7. Collaboration with Veeam R&D: 

• Partner with the Research and Development (R&D) team to develop and integrate security processes into the Software Development Lifecycle (SDLC). 
• Work closely with R&D to ensure security best practices are embedded in the development process. 

Qualifications 

• Bachelor’s degree in Computer Science, Information Security, or a related field. Relevant certifications (e.g., CEH, CISSP, OSEE, OSED, OSCP) are a plus. 
• Minimum of 5 years of experience in application security, including security testing, threat modeling, and vulnerability management. 
• Ability to obtain and maintain a US Government TS/SCI security clearance. 
• Strong knowledge of secure coding practices, software development, and security assessment tools. 
• In-depth understanding of the Secure DEVOPS process 
• Familiarity with multiple languages including: C#, .NET, C++, python 
• Experience with automated security testing tools and integrating security into CI/CD pipelines. 
• Familiarity with common security frameworks and standards, such as OWASP, NIST, and ISO 27001. 
• Familiar with different threat modeling methodologies such as PASTA, STRIDE, etc 
• Able to perform detailed secure code reviews and provide constructive feedback. 
• Excellent communication and interpersonal skills, with the ability to work collaboratively with cross-functional teams. 
• Strong analytical and problem-solving skills, with attention to detail. 
• Ability to stay current with the latest security trends, vulnerabilities, and threat landscapes. 

Benefits

• Unlimited PTO
• Medical, dental, and vision benefits that start on day one
• Flexible spending accounts
• Life insurance and short-term and long-term disability coverage
• Family planning support benefits, along with 100% paid maternity and parental leave
• 401k match
• Veeam Care Days – additional 24 hours for your volunteering activities
• Professional training and education, including courses and workshops, internal meetups, and unlimited access to our online learning platforms (Percipio, Athena, O’Reilly) and mentoring through our MentorLab program.

#LI-Remote

#LI-JW1

The salary range posted is On Target Earnings (OTE), which is inclusive of base and variable pay. When making an offer of employment, Veeam will take into consideration the candidate’s expectations, experience, education, scope of responsibility for the role, and the current market demands.

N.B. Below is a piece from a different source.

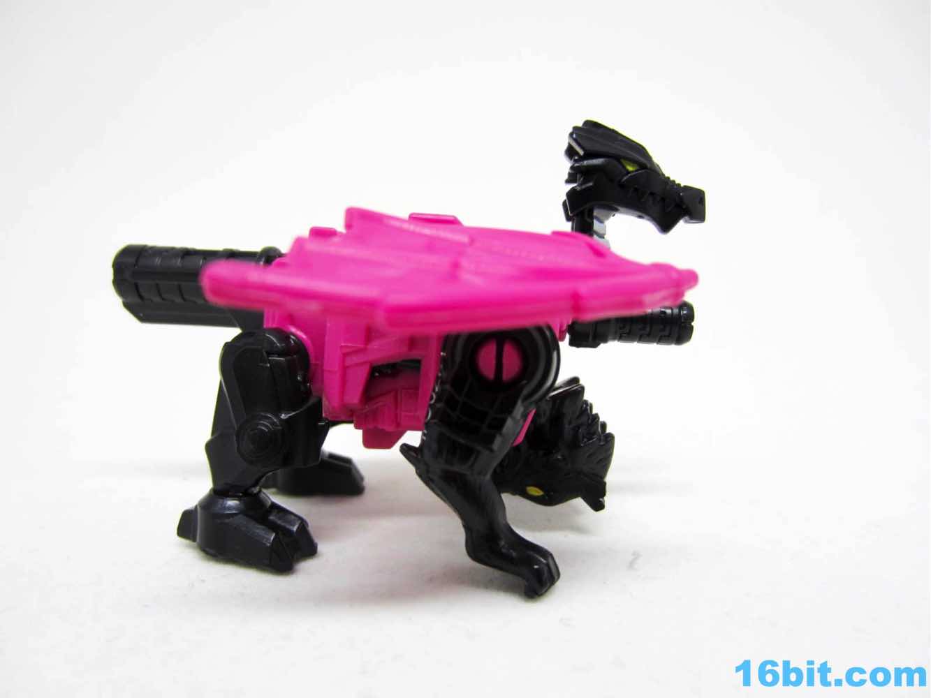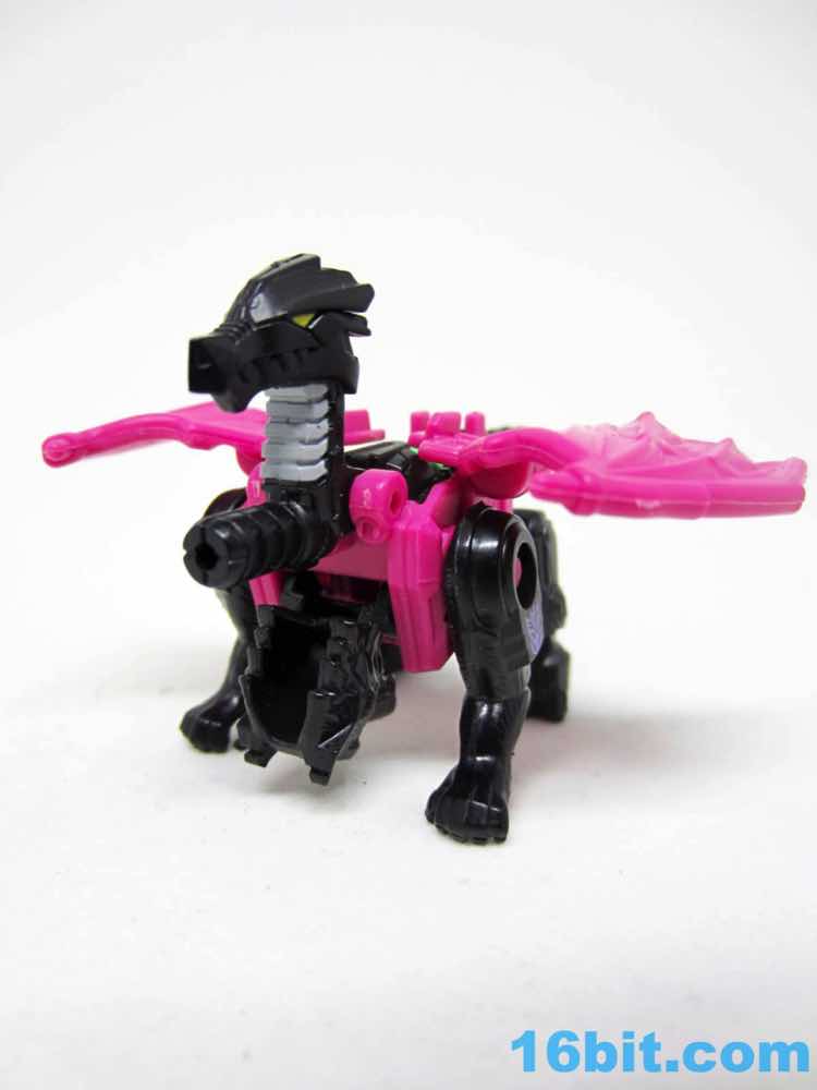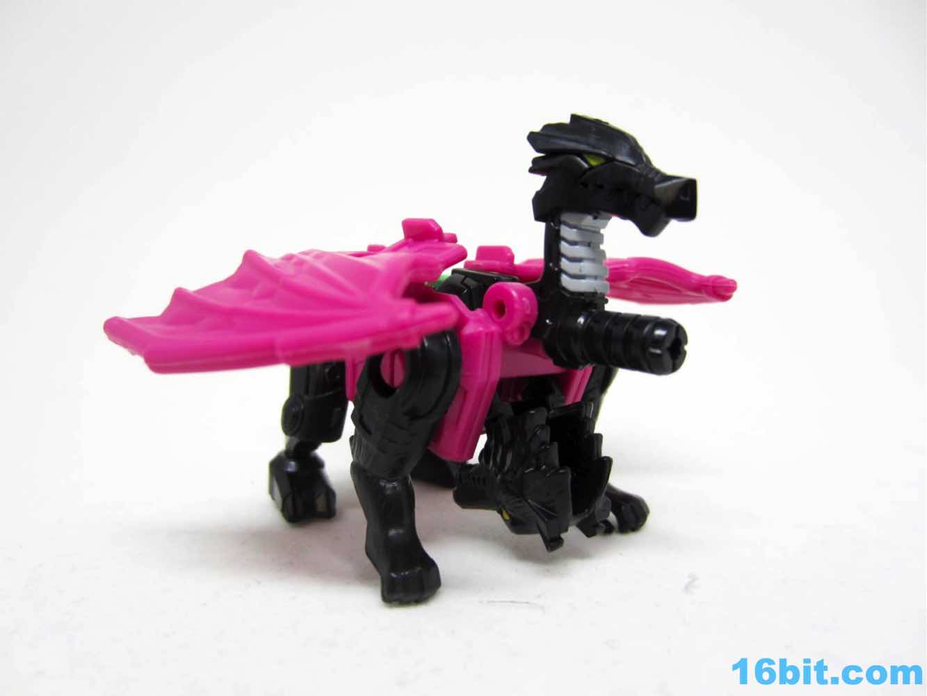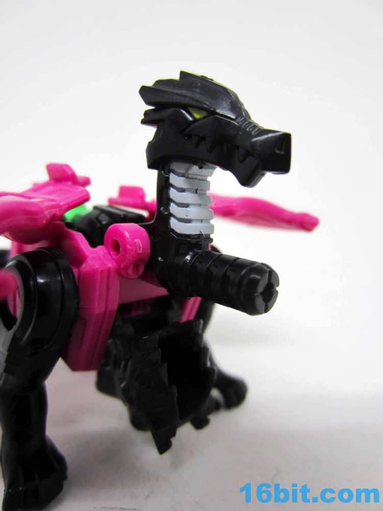 The dragon mode is wild. You'll love it. The black head and pink wings may remind you of another famous dragon, plus they painted the scales of its neck grey and it has lovely yellow eyes. How can you not like this? There's a cannon in its neck - that's not ideal - but it's very fun and cute and all those groovy things. A Titan Master robot can sit on his back, too, so this mode should be enough to warrant spending the five bucks.

United States of America Pay Range$133,000—$190,000 USD Veeam Software is an equal opportunity employer and does not tolerate discrimination in any form on the basis of race, color, religion, gender, age, national origin, citizenship, disability, veteran status or any other classification protected by federal, state or local law. All your information will be kept confidential.

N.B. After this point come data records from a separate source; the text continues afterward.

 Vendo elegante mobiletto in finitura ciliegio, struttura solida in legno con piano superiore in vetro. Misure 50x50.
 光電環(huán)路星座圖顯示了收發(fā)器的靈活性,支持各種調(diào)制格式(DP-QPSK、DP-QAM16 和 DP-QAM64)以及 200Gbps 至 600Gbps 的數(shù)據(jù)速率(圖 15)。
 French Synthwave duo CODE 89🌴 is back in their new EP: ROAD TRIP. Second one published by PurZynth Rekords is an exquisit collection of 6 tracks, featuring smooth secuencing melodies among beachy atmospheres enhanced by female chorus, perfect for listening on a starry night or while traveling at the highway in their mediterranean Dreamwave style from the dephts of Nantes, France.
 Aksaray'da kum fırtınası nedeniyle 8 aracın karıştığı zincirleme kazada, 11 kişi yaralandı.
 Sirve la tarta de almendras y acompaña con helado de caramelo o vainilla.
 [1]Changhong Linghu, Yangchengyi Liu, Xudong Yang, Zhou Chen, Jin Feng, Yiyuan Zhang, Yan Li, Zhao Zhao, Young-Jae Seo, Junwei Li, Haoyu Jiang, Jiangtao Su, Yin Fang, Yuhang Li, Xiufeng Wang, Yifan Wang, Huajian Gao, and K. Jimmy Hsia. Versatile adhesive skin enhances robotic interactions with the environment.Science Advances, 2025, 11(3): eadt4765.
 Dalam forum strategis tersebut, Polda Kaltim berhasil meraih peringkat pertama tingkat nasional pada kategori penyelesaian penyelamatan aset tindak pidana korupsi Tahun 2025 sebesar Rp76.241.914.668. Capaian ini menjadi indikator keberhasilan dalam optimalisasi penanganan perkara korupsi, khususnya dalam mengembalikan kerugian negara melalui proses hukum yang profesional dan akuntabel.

Please note that any personal data collected from you during the recruitment process will be processed in accordance with our Recruiting Privacy Notice.  

The Privacy Notice sets out the basis on which the personal data collected from you, or that you provide to us, will be processed by us in connection with our recruitment processes. 

By applying for this position, you consent to the processing of your personal data in accordance with our Recruiting Privacy Notice.